A thickened aqueous bleaching composition comprising, in wt%: (a) 0.1% to 50% of an active peroxide bleach, (b) 0.01% to 10% of a polymeric rheology modifier, (c) 0.001% to 10 % of a viscosity stabilizer of the formula

wherein X is COO ^- M ⁺ or OCH ₃ or H; and A, B and C are each H or OH or COO ^- M ⁺ or OCH ₃ or CH ₃ or CHO or CH ₂ OH or COOCH ₃ or COOC _1-4 H _3-9 or OC _1-4 H _3-9 or C _1-4 H _3-9 or OCOCH ₃ or NH ₂ or mixtures thereof, and MH or an alkali metal or ammonium, (d) a sufficient amount of an alkalinity buffer to impart a pH of 2 to 14 to the composition, and ( e) as the remainder water.

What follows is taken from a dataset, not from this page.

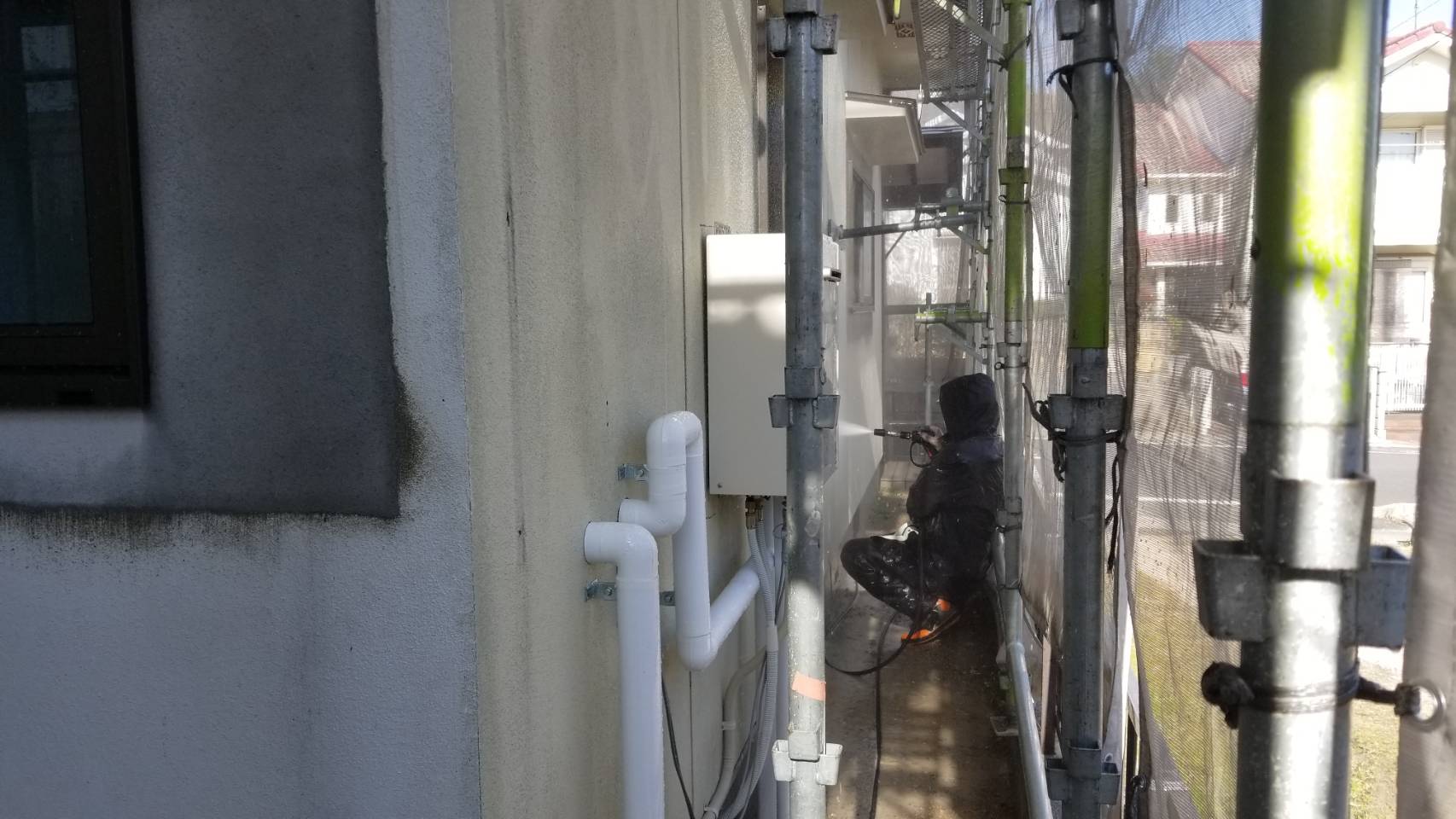 外壁塗装工事の外壁洗浄中です。専用の洗浄材をかけてから洗浄していきます‼

A composition according to claim 1, wherein the viscosity stabilizer selected from the group is, which consists of aniseed alcohol, anisaldehyde and aniseic acid. A composition according to claim 1, wherein the oxidizing agent Is hydrogen peroxide. A composition according to claim 3, wherein the oxidizing agent in an amount of 0.1-20% by weight; based on the weight of the composition, is present. A composition according to claim 1, wherein the viscosity stabilizer 3-methoxy benzaldehyde is. A composition according to claim 1, wherein the viscosity stabilizer Aniseed alcohol is. A composition according to claim 1, wherein the viscosity stabilizer anisic is. A composition according to claim 1, wherein the viscosity stabilizer m-anisic acid is. A composition according to claim 1, wherein the polymeric Viscosity modifier crosslinked acrylic acid polymer thickener is. A composition according to claim 1, wherein the polymeric Viscosity modifier crosslinked acrylic acid copolymer thickener is. A composition according to claim 1, wherein the polymeric Viscosity modifier off the group selected is composed of homopolymers and copolymers of olefinic unsaturated Carboxylic acid or anhydride monomers, the at least one activated olefinic carbon-carbon double bond and have at least one carboxyl group, alkali-soluble Acrylic emulsions, hydrophobically modified, alkali-soluble Acrylic emulsions, hydrophobically modified, nonionic polyol polymers and combinations thereof. Composition according to claim 1, wherein the pH higher than 7 is.